Segment Open

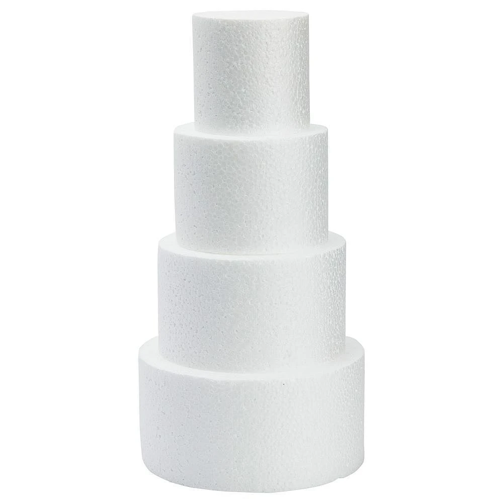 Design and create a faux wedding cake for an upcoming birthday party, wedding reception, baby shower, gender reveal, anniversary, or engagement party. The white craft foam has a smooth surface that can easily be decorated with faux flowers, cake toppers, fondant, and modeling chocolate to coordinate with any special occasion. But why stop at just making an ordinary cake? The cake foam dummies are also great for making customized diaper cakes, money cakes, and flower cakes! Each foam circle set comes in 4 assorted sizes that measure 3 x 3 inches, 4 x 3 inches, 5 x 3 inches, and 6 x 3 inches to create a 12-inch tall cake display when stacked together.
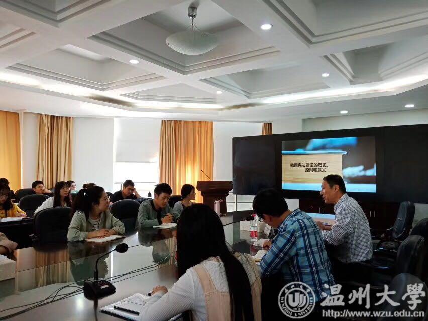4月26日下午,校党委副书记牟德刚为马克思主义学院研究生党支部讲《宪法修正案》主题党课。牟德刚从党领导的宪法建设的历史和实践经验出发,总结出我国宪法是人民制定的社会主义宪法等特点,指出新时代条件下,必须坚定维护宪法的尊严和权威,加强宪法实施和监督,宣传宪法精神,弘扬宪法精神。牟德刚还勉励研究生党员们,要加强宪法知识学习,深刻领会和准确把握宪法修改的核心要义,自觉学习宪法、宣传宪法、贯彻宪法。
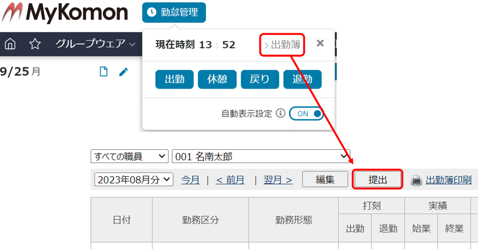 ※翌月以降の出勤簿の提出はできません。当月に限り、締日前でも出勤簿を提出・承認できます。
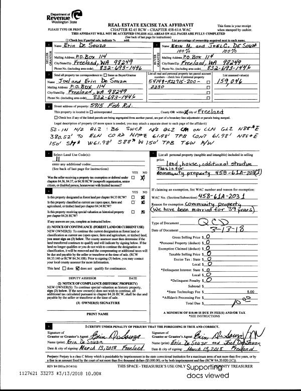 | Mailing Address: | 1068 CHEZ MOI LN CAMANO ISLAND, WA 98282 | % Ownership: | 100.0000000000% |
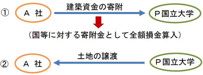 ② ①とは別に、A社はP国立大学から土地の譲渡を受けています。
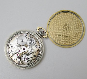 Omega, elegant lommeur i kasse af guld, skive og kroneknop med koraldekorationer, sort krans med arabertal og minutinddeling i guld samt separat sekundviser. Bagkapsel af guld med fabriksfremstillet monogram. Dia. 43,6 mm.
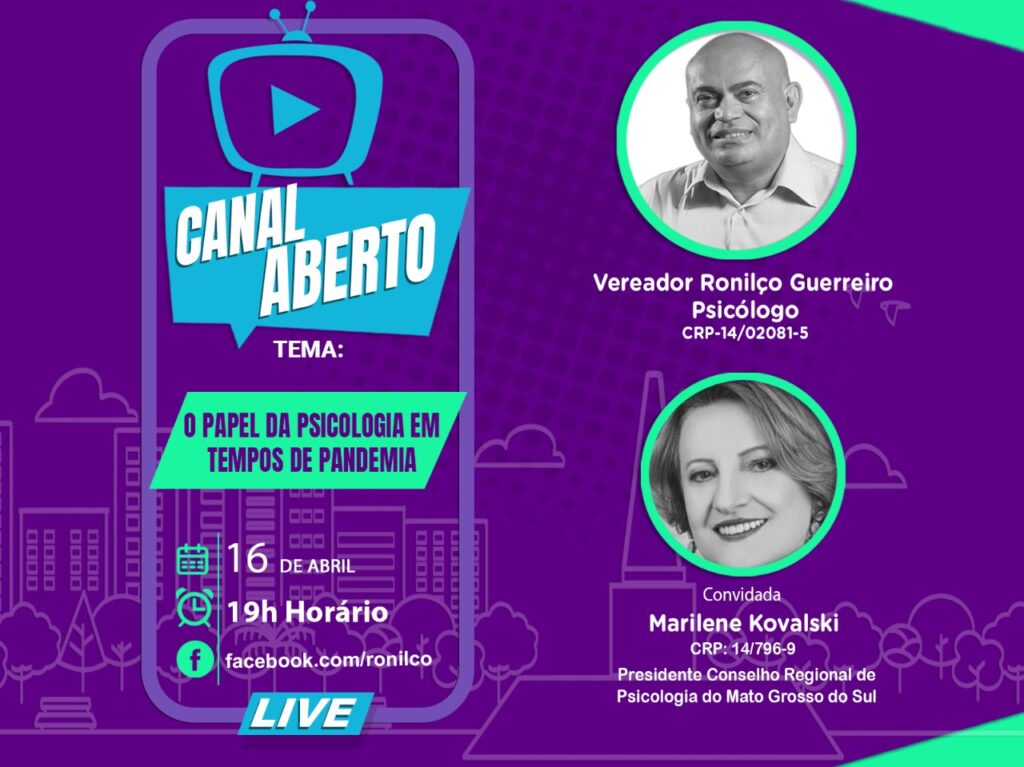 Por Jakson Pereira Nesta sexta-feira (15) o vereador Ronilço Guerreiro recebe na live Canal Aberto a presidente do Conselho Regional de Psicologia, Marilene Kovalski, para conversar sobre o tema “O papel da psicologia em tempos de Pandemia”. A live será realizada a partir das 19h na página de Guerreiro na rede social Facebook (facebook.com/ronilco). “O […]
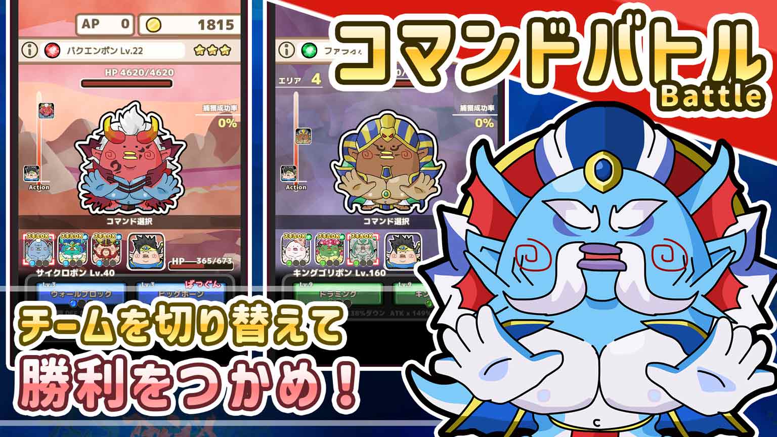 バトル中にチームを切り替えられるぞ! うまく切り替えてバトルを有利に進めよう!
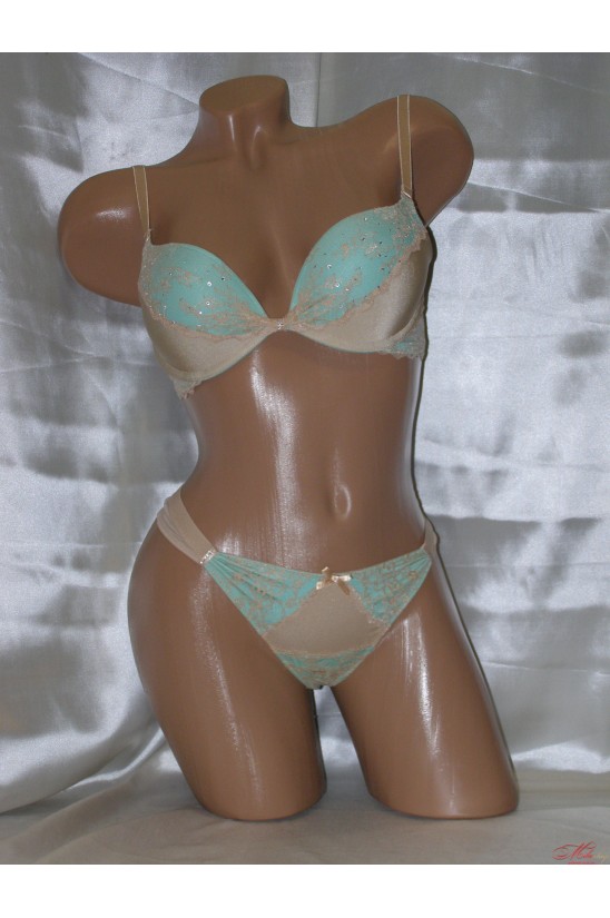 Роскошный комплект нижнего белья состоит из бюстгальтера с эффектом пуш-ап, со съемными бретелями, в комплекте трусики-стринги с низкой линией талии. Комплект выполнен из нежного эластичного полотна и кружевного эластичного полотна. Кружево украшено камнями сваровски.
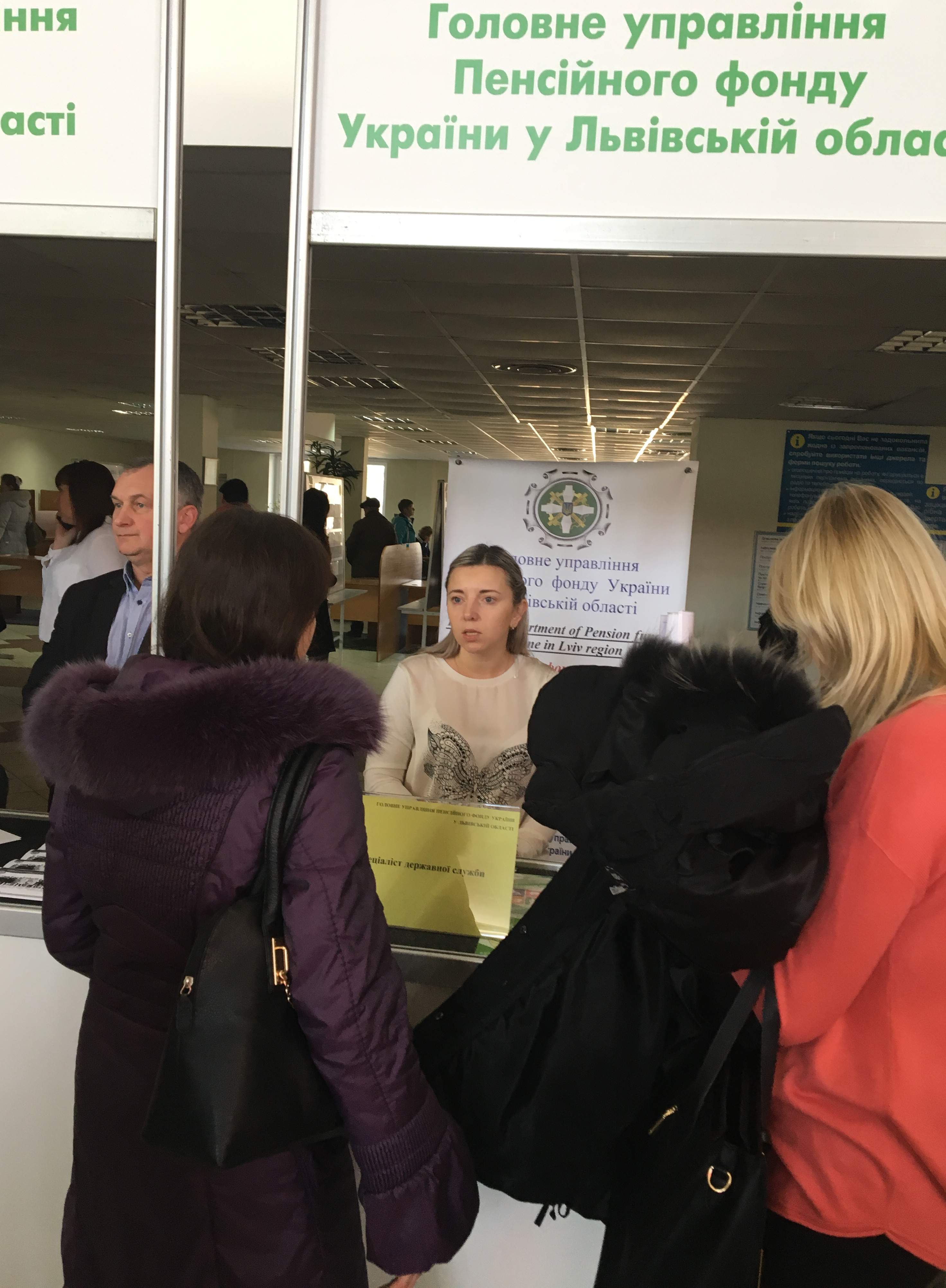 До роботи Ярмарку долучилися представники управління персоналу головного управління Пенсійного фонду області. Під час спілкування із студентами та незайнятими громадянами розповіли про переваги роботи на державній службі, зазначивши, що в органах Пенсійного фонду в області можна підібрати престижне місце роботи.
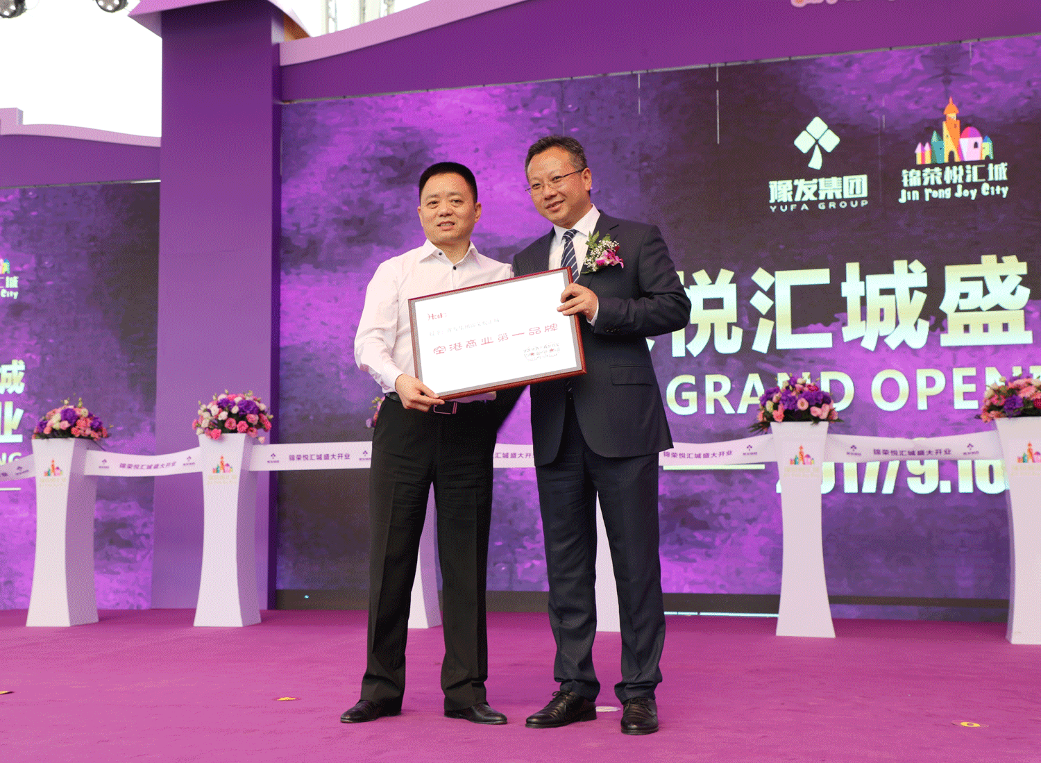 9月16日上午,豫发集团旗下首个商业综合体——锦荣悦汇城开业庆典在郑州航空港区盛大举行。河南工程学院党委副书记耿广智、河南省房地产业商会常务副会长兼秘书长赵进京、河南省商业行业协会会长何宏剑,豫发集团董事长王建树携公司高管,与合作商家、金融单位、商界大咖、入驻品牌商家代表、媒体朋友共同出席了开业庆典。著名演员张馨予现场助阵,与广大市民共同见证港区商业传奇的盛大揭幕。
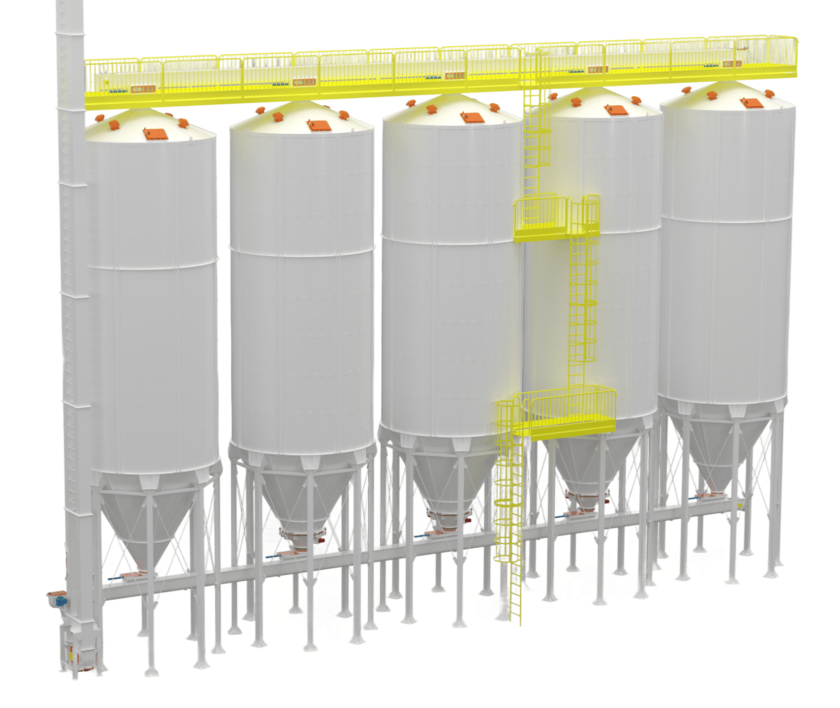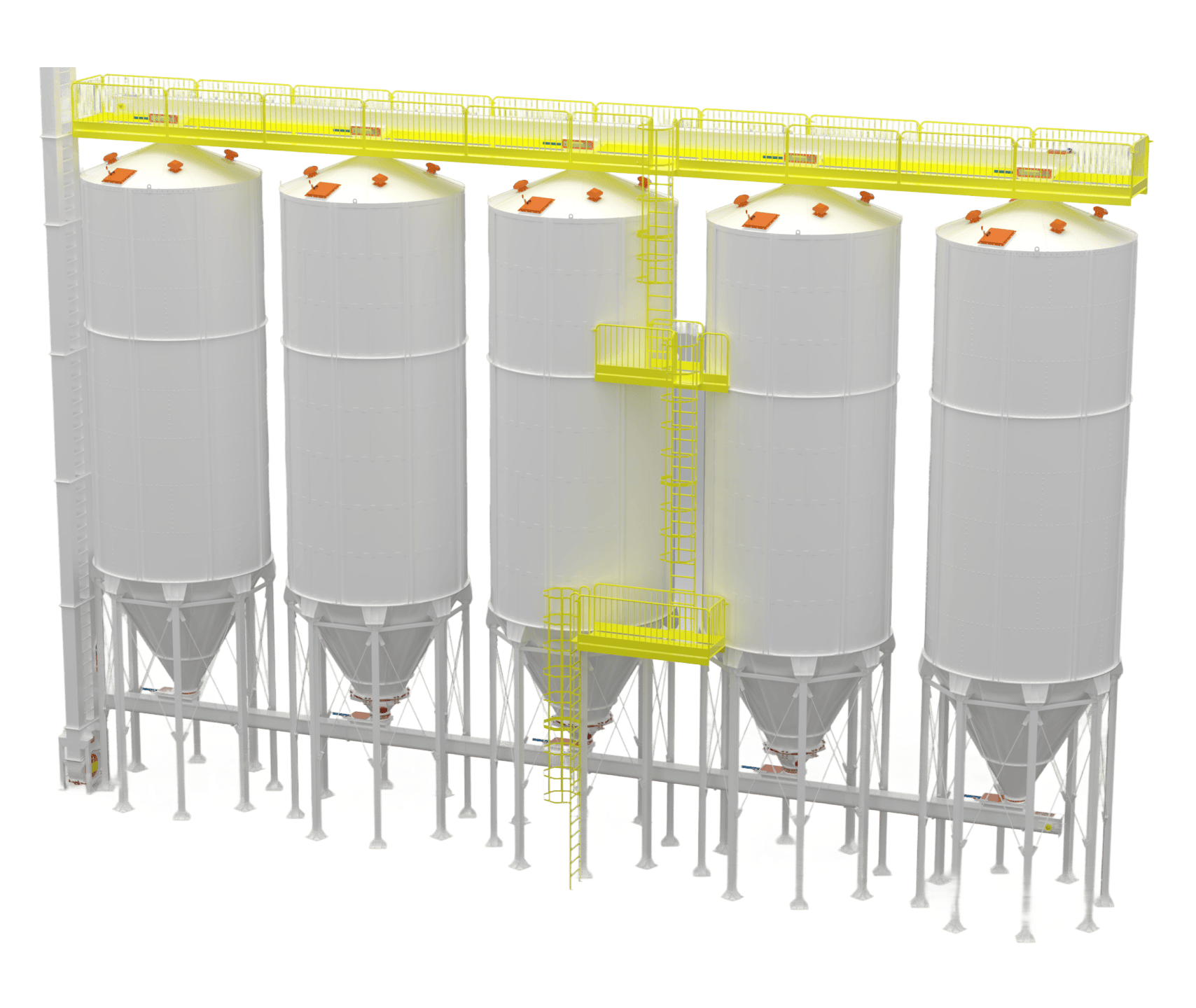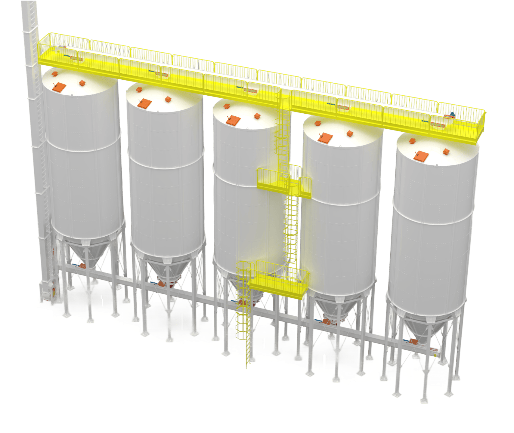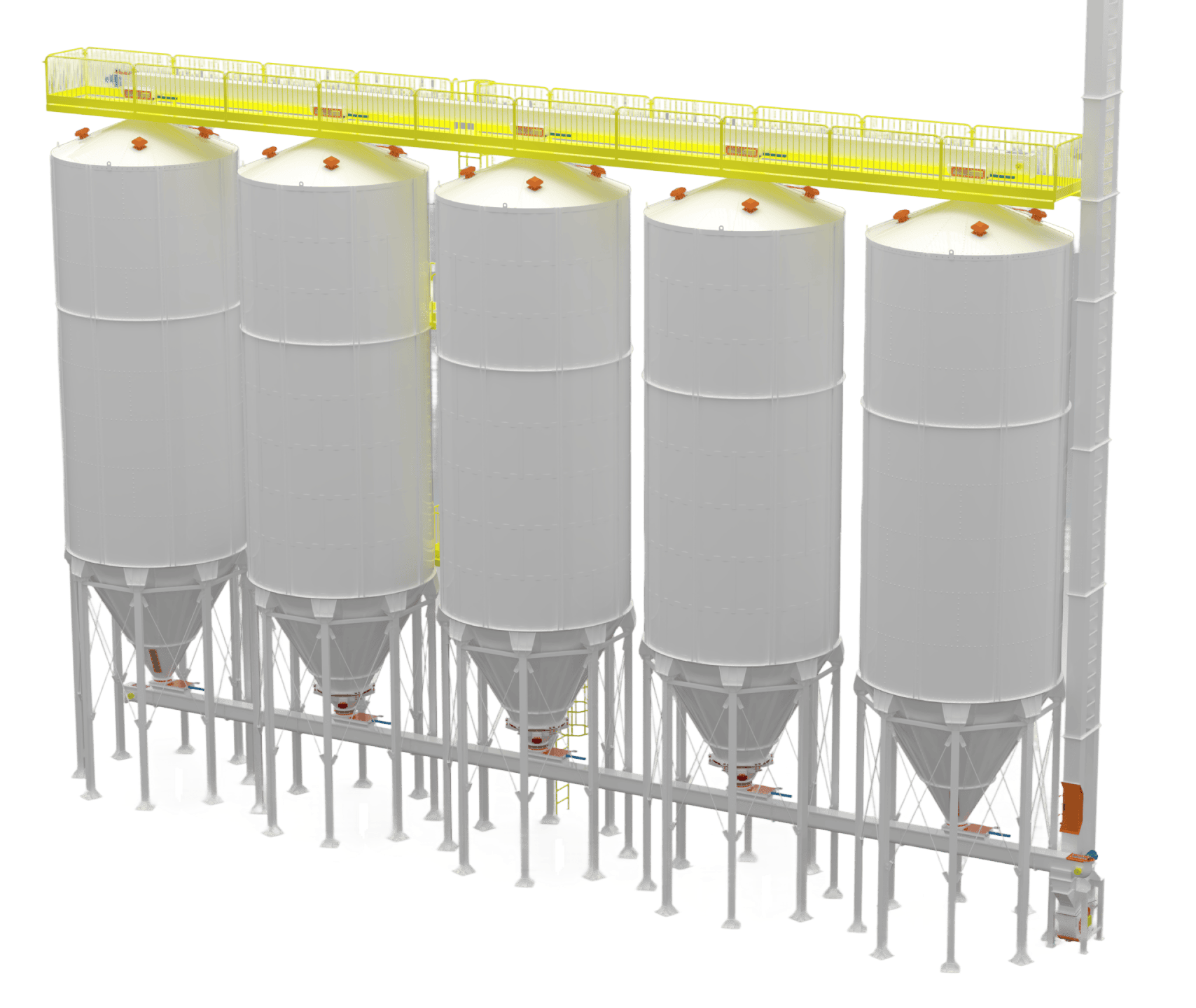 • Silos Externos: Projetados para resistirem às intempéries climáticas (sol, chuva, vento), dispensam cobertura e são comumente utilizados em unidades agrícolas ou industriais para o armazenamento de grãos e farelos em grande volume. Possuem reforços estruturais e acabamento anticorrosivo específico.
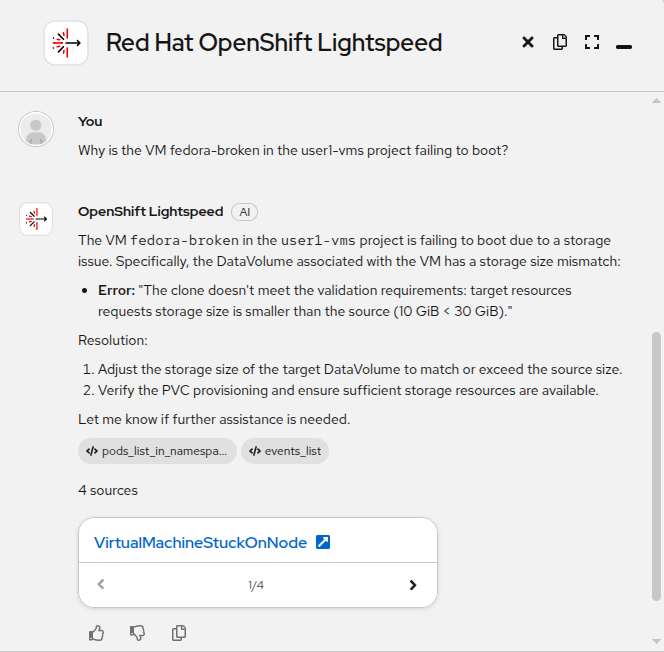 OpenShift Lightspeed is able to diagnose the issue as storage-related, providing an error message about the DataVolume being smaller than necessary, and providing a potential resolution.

Segment Closed

# What needs to be done
Reproduce exactly the lines above that run from the one with "② ①とは別に、A社はP国立大学から土地の譲渡を受けています。" to the one with "До роботи Ярмарку", both included, leaving pictures out.

# Solution
 ② ①とは別に、A社はP国立大学から土地の譲渡を受けています。
 Omega, elegant lommeur i kasse af guld, skive og kroneknop med koraldekorationer, sort krans med arabertal og minutinddeling i guld samt separat sekundviser. Bagkapsel af guld med fabriksfremstillet monogram. Dia. 43,6 mm.
 Por Jakson Pereira Nesta sexta-feira (15) o vereador Ronilço Guerreiro recebe na live Canal Aberto a presidente do Conselho Regional de Psicologia, Marilene Kovalski, para conversar sobre o tema “O papel da psicologia em tempos de Pandemia”. A live será realizada a partir das 19h na página de Guerreiro na rede social Facebook (facebook.com/ronilco). “O […]
 バトル中にチームを切り替えられるぞ! うまく切り替えてバトルを有利に進めよう!
 Роскошный комплект нижнего белья состоит из бюстгальтера с эффектом пуш-ап, со съемными бретелями, в комплекте трусики-стринги с низкой линией талии. Комплект выполнен из нежного эластичного полотна и кружевного эластичного полотна. Кружево украшено камнями сваровски.
 До роботи Ярмарку долучилися представники управління персоналу головного управління Пенсійного фонду області. Під час спілкування із студентами та незайнятими громадянами розповіли про переваги роботи на державній службі, зазначивши, що в органах Пенсійного фонду в області можна підібрати престижне місце роботи.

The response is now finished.